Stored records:
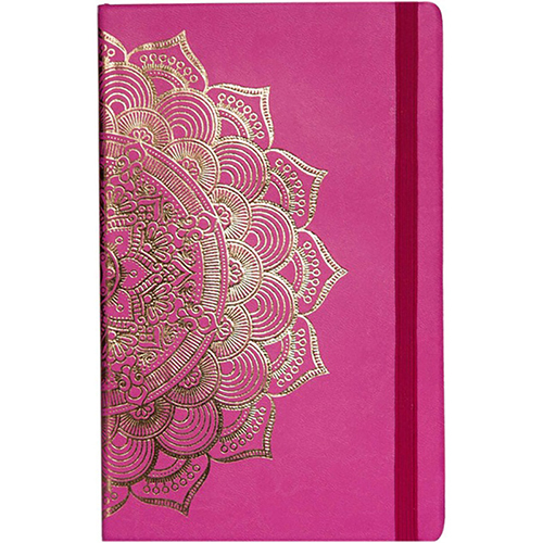 Записная книжка эко с кремовыми листами в точку Мандала малинового цвета поражает золотым тиснением, создавая изысканный аксессуар для записей. Обложка, изготовленная из кожзаменителя, который производится из переработанной одежды, придает ему приятную на ощупь текстуру и отличается экологичностью.
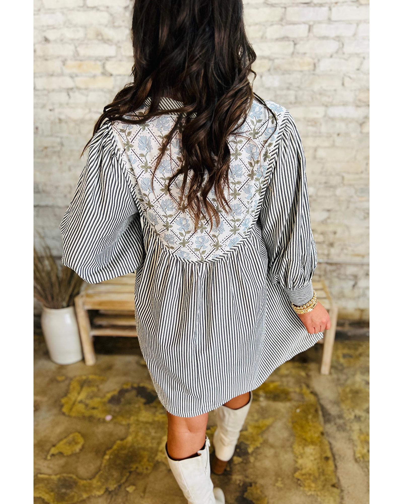 Black Stripe Floral Patchwork Tied V Neck Shift Long Sleeve Mini Dress – L
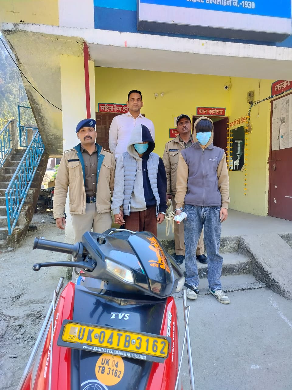चेकिंग के दौरान सिमलिया बैण्ड से करीब एक किलोमीटर नीचे खनस्यूँ-हल्द्वानी मार्ग पर लाल-काले रंग की स्कूटी (यूके04टीबी-3162, टीवीएस एन्टॉर्क) सवार दो युवक पुलिस को देखकर भागने लगे, जिन्हें घेराबंदी कर पकड़ लिया गया। तलाशी में स्कूटी की डिग्गी से 202 ग्राम अवैध चरस बरामद हुई।
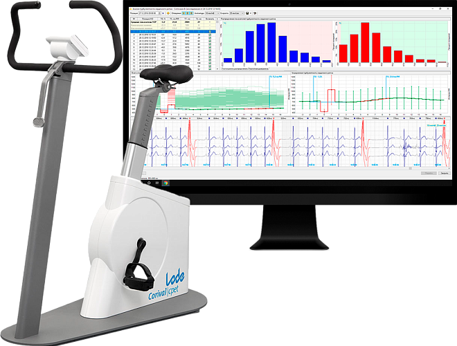 Программное обеспечение предназначено для предоставления врачу в режиме реального времени визуализированной ЭКГ, информации о текущей частоте сердечных сокращений, появляющихся аритмиях, параметрах ST-T усредненных нормальных комплексов QRST, ишемических изменениях, текущих параметров пробы и др.
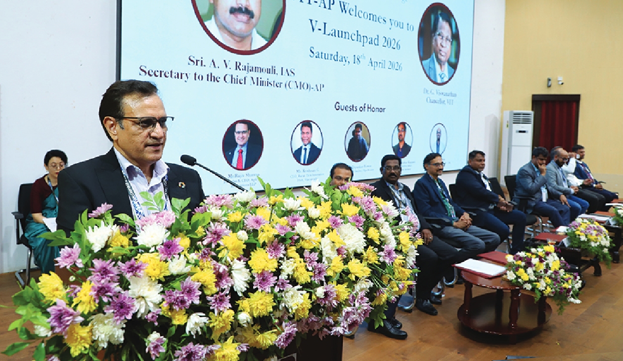 With the aim of promoting innovation and start-up culture, V-Launch Pad 2026 was organised with great grandeur at VIT-AP University. The event, jointly organized by the VIT-AP School of Business and the Innovation, Incubation and Entrepreneurship Cell (IIEC), served as a platform for students, faculty, and industry leaders. The guests inaugurated stalls showcasing creative and innovative projects set up at the Student Activity Center. The guests for the event—Rajeev Sharma (CEO, AgVysor Innovations LLP), Sandal Kotawala (CEO, Alfaleus Technology Pvt. Ltd.), and Krishnan G (CEO, Ratan Tata Innovation Hub, Vijayawada)— Chandrasekhar Kupperi –Founder of ANOVA Corporate Services- addressed the students. In their speeches, they emphasised the importance of entrepreneurial thinking focused on problem-solving. They expressed that research should not remain limited to papers but should evolve into commercially viable products. They also praised the role of innovation hubs and incubation centers in the growth of start-ups.
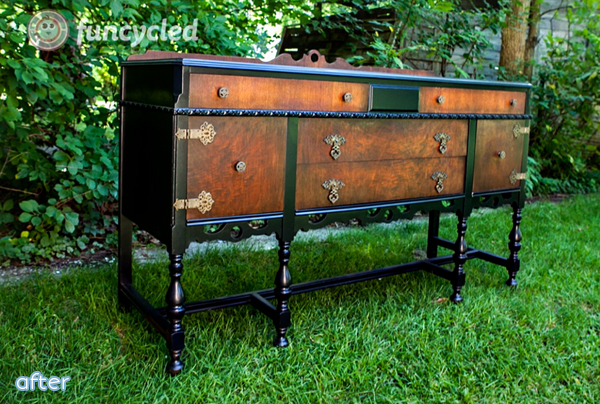 And lastly, a lovely set from Sarah, whose thirsty pieces were crying out for a long deep drink of drama. Coaxing out that wood grain and a slick coat of black gloss around the frame did the trick. Schmancy.
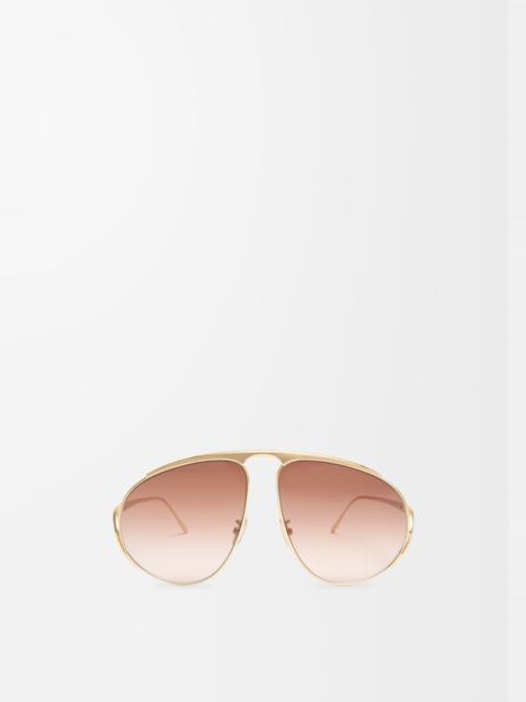 Aviator-shaped sunglasses in a light metal construction. - Universal fit - UVA/UVB protection - Engraved LOEWE Details - Colour : Silver - Main material : Metal - Weight : 0.1 kg - Lens size (cm) : 6.1 - Lens size (inches) : 2.4 - Bridge size (cm) : 1.3 - Bridge size (inches) : 0.5 - Temple size (cm) : 12 - Temple size (inches) : 4.7 - Model ID : G737LIGX01 - CIL : - 0011285541 - Made in : Italy
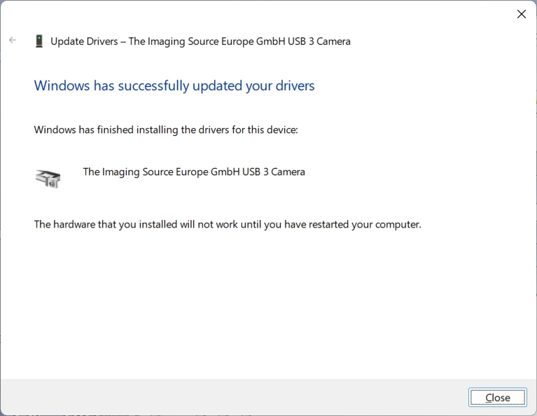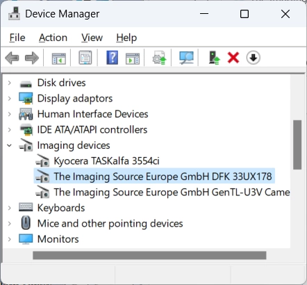 Wenn der The Imaging Source Treiber bereits auf dem Computer installiert ist, dann wird er wie im Bild angezeigt. Fehlt dieser Eintrag, wurde der Treiber einfach nicht installiert, das bitte nachholen.
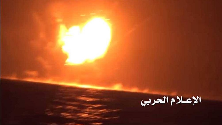 Une source militaire yéménite, citée par la chaine AlMasirah, a précisé que le navire, qui menait des actes hostiles dans les eaux territoriales yéménites, a été touché avec précision par une arme appropriée.
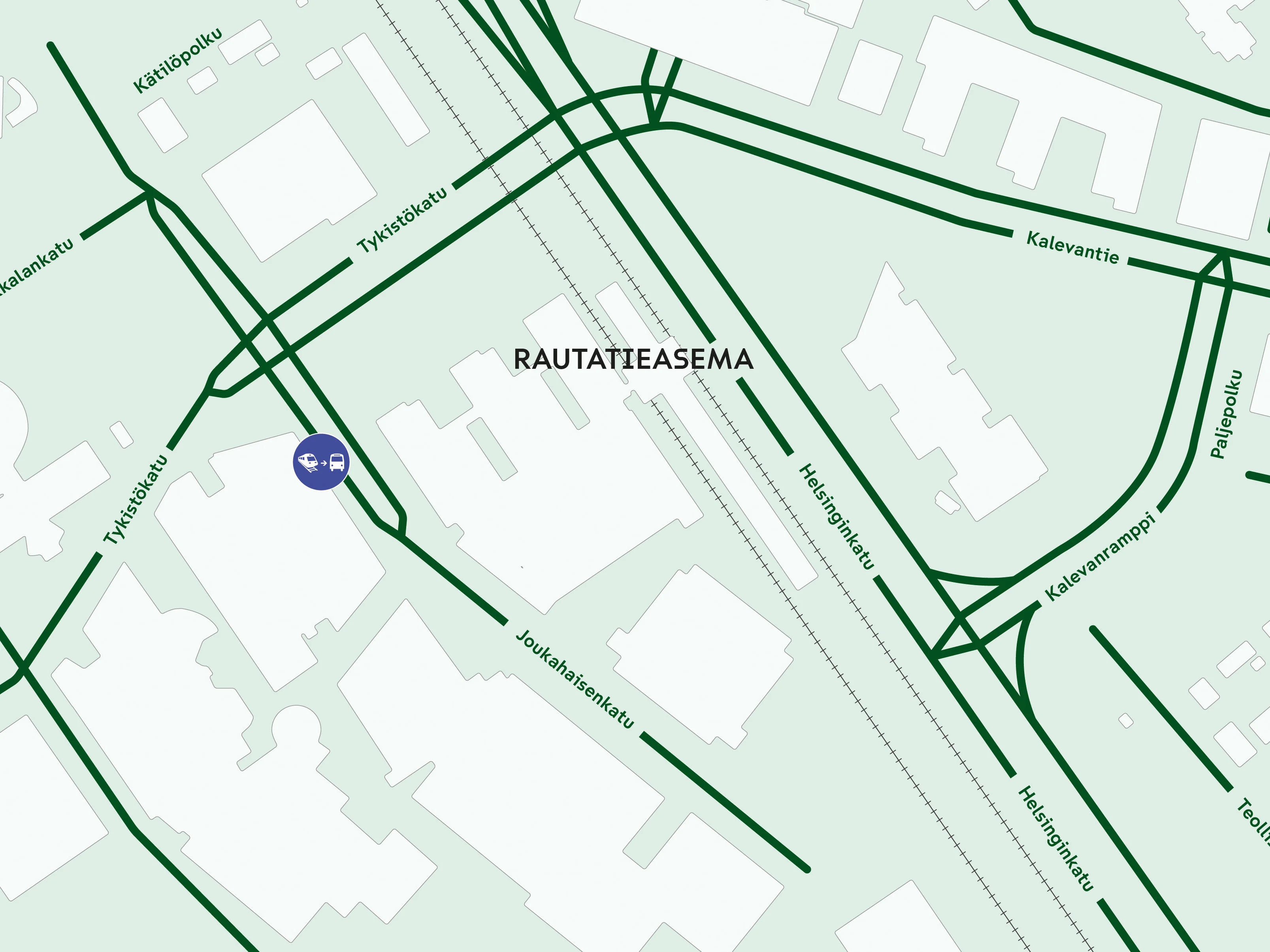 Klikkaa auki oma lähtö- tai pääteasemasi ja tarkista ratatyöbussin tarkempi lähtöpaikka.
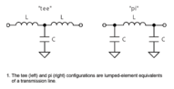 Рис. Т- и П- четырехполюсниками на сосредоточенных элементах, эквивалентных λ/4 отрезку линии передачи.
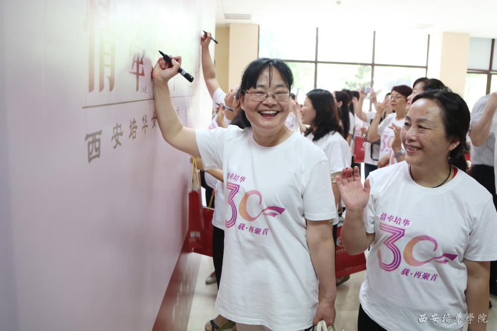 5月29日,1987届的学姐们纷纷从天南海北回来,她们在签名墙上写下自己的名字。我校理事长姜波来到现场,学姐们纷纷与“波哥”聊起了当年在培华的点点滴滴。昔日的同学、舍友、姐妹重新相聚,她们满是激动,她们通过合影的方式表达思念。那一年,还是青葱岁月,如今,她们重返青春,笑靥如花。
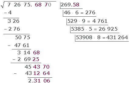 Bei 6 ist das Ergebnis kleiner als der Rest, also schreiben wir 6 als zweite Ziffer der Wurzel
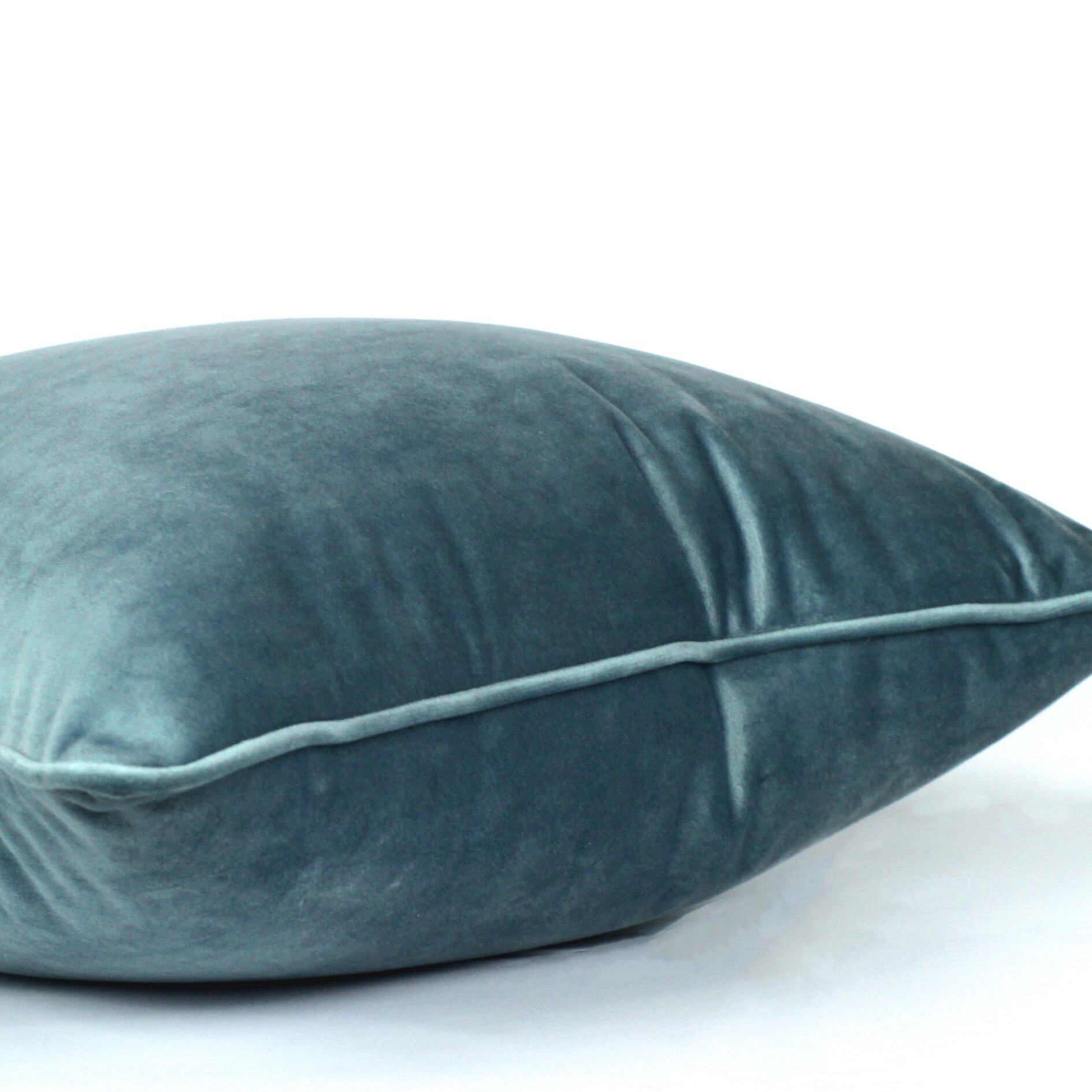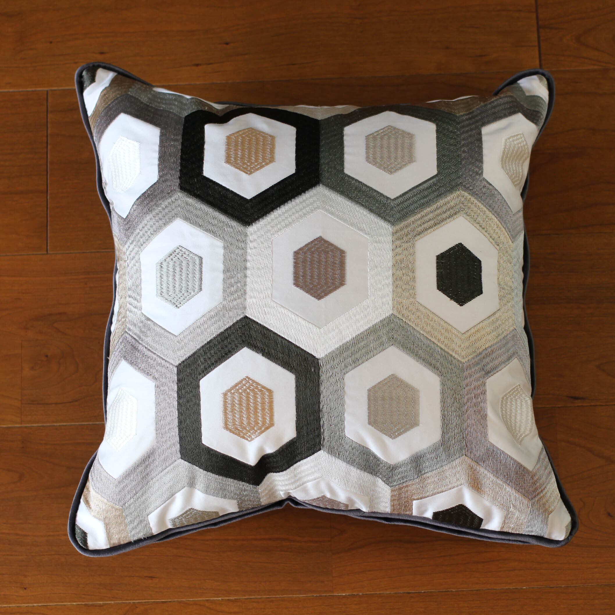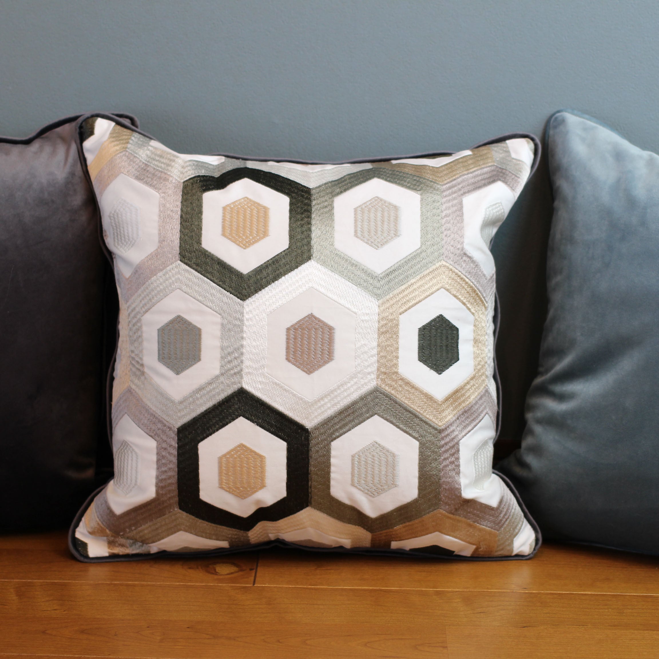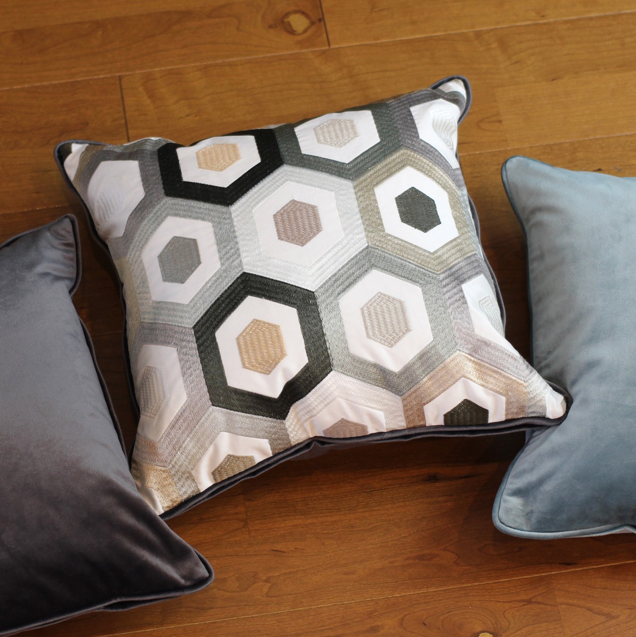 大きな亀の子模様のファブリックを使用したインパクトのあるクッションカバー、濃いめのグレーのシンプルなパイピングクッションカバー、くすみブルーが綺麗なパイピングクッションカバーの3点セットです。
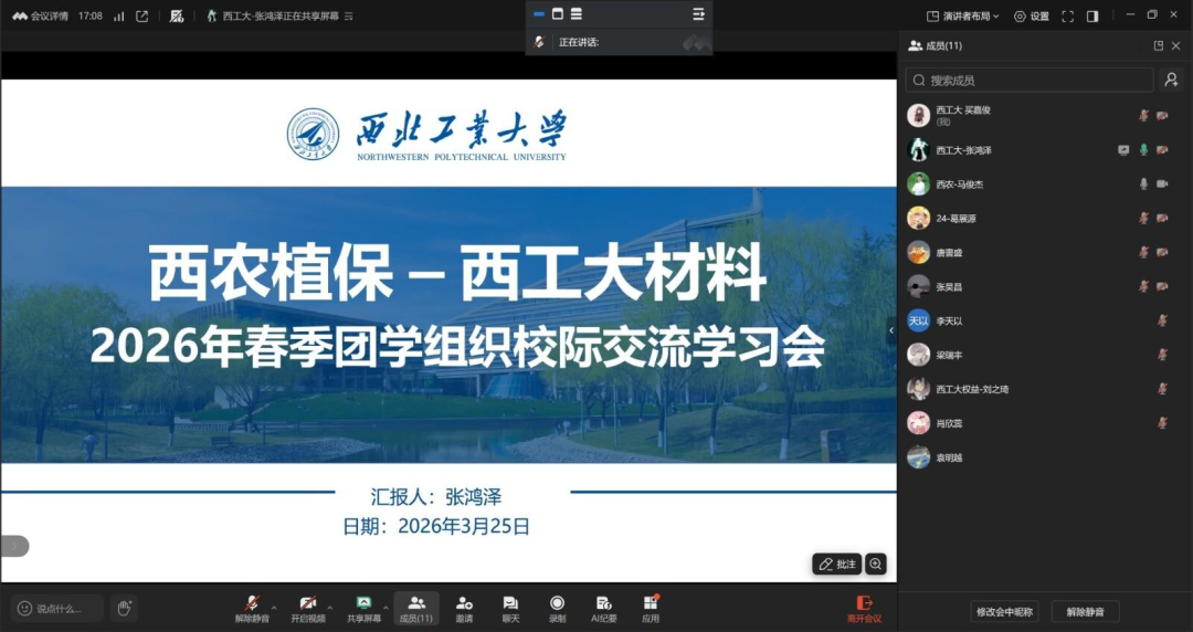 为了加强校际交流学习,3月25日晚7点,西北工业大学材料学院学生会与西北农林科技大学植物保护学院团委学生会,在线上围绕组织建设、工作创新等方面开展春季团学组织交流学习。

INSTRUCTIONS FOR THE TASK
Leave out the pictures, then copy all the remaining text in the records exactly.

RESPONSE FOR THIS EXERCISE
 Записная книжка эко с кремовыми листами в точку Мандала малинового цвета поражает золотым тиснением, создавая изысканный аксессуар для записей. Обложка, изготовленная из кожзаменителя, который производится из переработанной одежды, придает ему приятную на ощупь текстуру и отличается экологичностью.
 Black Stripe Floral Patchwork Tied V Neck Shift Long Sleeve Mini Dress – L
चेकिंग के दौरान सिमलिया बैण्ड से करीब एक किलोमीटर नीचे खनस्यूँ-हल्द्वानी मार्ग पर लाल-काले रंग की स्कूटी (यूके04टीबी-3162, टीवीएस एन्टॉर्क) सवार दो युवक पुलिस को देखकर भागने लगे, जिन्हें घेराबंदी कर पकड़ लिया गया। तलाशी में स्कूटी की डिग्गी से 202 ग्राम अवैध चरस बरामद हुई।
 Программное обеспечение предназначено для предоставления врачу в режиме реального времени визуализированной ЭКГ, информации о текущей частоте сердечных сокращений, появляющихся аритмиях, параметрах ST-T усредненных нормальных комплексов QRST, ишемических изменениях, текущих параметров пробы и др.
 With the aim of promoting innovation and start-up culture, V-Launch Pad 2026 was organised with great grandeur at VIT-AP University. The event, jointly organized by the VIT-AP School of Business and the Innovation, Incubation and Entrepreneurship Cell (IIEC), served as a platform for students, faculty, and industry leaders. The guests inaugurated stalls showcasing creative and innovative projects set up at the Student Activity Center. The guests for the event—Rajeev Sharma (CEO, AgVysor Innovations LLP), Sandal Kotawala (CEO, Alfaleus Technology Pvt. Ltd.), and Krishnan G (CEO, Ratan Tata Innovation Hub, Vijayawada)— Chandrasekhar Kupperi –Founder of ANOVA Corporate Services- addressed the students. In their speeches, they emphasised the importance of entrepreneurial thinking focused on problem-solving. They expressed that research should not remain limited to papers but should evolve into commercially viable products. They also praised the role of innovation hubs and incubation centers in the growth of start-ups.
 And lastly, a lovely set from Sarah, whose thirsty pieces were crying out for a long deep drink of drama. Coaxing out that wood grain and a slick coat of black gloss around the frame did the trick. Schmancy.
 Aviator-shaped sunglasses in a light metal construction. - Universal fit - UVA/UVB protection - Engraved LOEWE Details - Colour : Silver - Main material : Metal - Weight : 0.1 kg - Lens size (cm) : 6.1 - Lens size (inches) : 2.4 - Bridge size (cm) : 1.3 - Bridge size (inches) : 0.5 - Temple size (cm) : 12 - Temple size (inches) : 4.7 - Model ID : G737LIGX01 - CIL : - 0011285541 - Made in : Italy
 Wenn der The Imaging Source Treiber bereits auf dem Computer installiert ist, dann wird er wie im Bild angezeigt. Fehlt dieser Eintrag, wurde der Treiber einfach nicht installiert, das bitte nachholen.
 Une source militaire yéménite, citée par la chaine AlMasirah, a précisé que le navire, qui menait des actes hostiles dans les eaux territoriales yéménites, a été touché avec précision par une arme appropriée.
 Klikkaa auki oma lähtö- tai pääteasemasi ja tarkista ratatyöbussin tarkempi lähtöpaikka.
 Рис. Т- и П- четырехполюсниками на сосредоточенных элементах, эквивалентных λ/4 отрезку линии передачи.
 5月29日,1987届的学姐们纷纷从天南海北回来,她们在签名墙上写下自己的名字。我校理事长姜波来到现场,学姐们纷纷与“波哥”聊起了当年在培华的点点滴滴。昔日的同学、舍友、姐妹重新相聚,她们满是激动,她们通过合影的方式表达思念。那一年,还是青葱岁月,如今,她们重返青春,笑靥如花。
 Bei 6 ist das Ergebnis kleiner als der Rest, also schreiben wir 6 als zweite Ziffer der Wurzel
 大きな亀の子模様のファブリックを使用したインパクトのあるクッションカバー、濃いめのグレーのシンプルなパイピングクッションカバー、くすみブルーが綺麗なパイピングクッションカバーの3点セットです。
 为了加强校际交流学习,3月25日晚7点,西北工业大学材料学院学生会与西北农林科技大学植物保护学院团委学生会,在线上围绕组织建设、工作创新等方面开展春季团学组织交流学习。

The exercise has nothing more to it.